Given material:

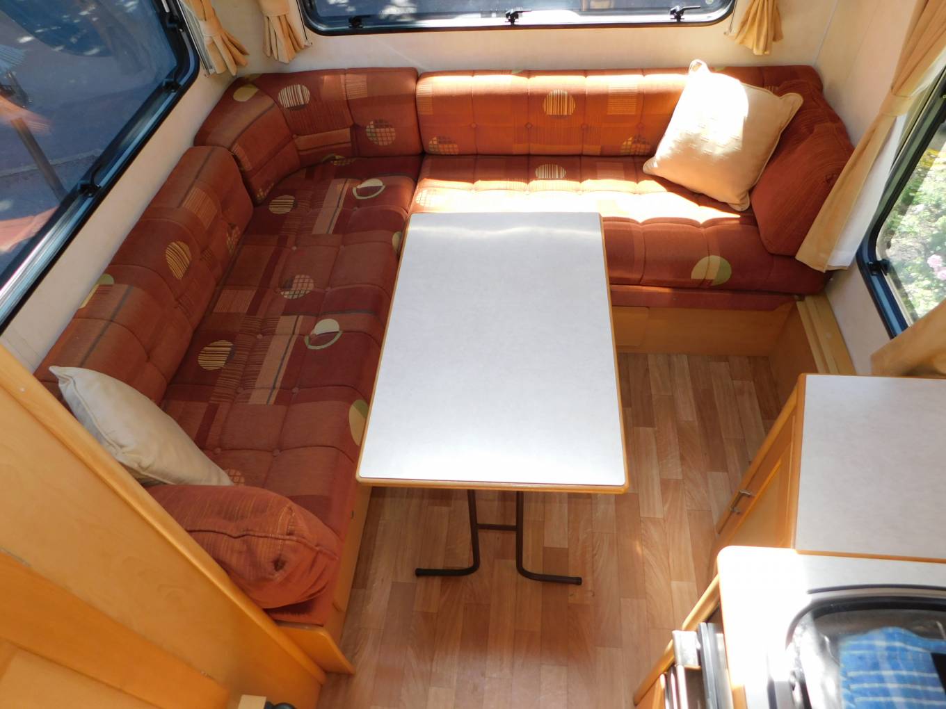 The L-Shaped rear lounge is bright and airy with large windows and a sunroof, this area converts to a large double bed in the evening.
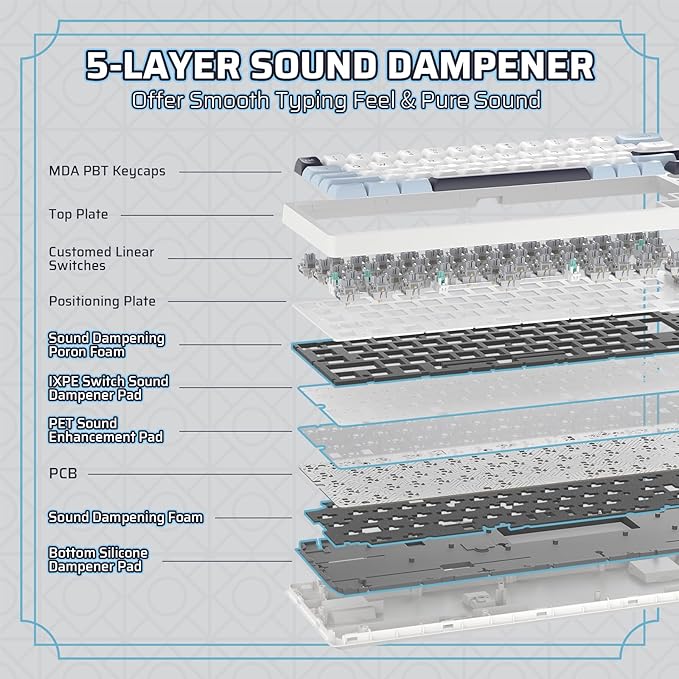 - Five-Layer Sound Padding — With five layers of internal padding, including four dampening mats that significantly minimize hollow sounds and cavities noise and one PET sound-enhancement film, typing becomes remarkably smooth and pleasing. Complemented by MDA profile oil-resistant PBT keycaps for enhanced typing comfort
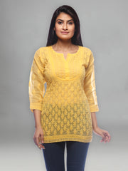Seva Chikan Hand Embroidered Yellow Cotton Lucknowi Chikankari Short Top-SCL2043

Directions:
The expected output is the full data above, reproduced exactly with no images.

Output:
 The L-Shaped rear lounge is bright and airy with large windows and a sunroof, this area converts to a large double bed in the evening.
 - Five-Layer Sound Padding — With five layers of internal padding, including four dampening mats that significantly minimize hollow sounds and cavities noise and one PET sound-enhancement film, typing becomes remarkably smooth and pleasing. Complemented by MDA profile oil-resistant PBT keycaps for enhanced typing comfort
Seva Chikan Hand Embroidered Yellow Cotton Lucknowi Chikankari Short Top-SCL2043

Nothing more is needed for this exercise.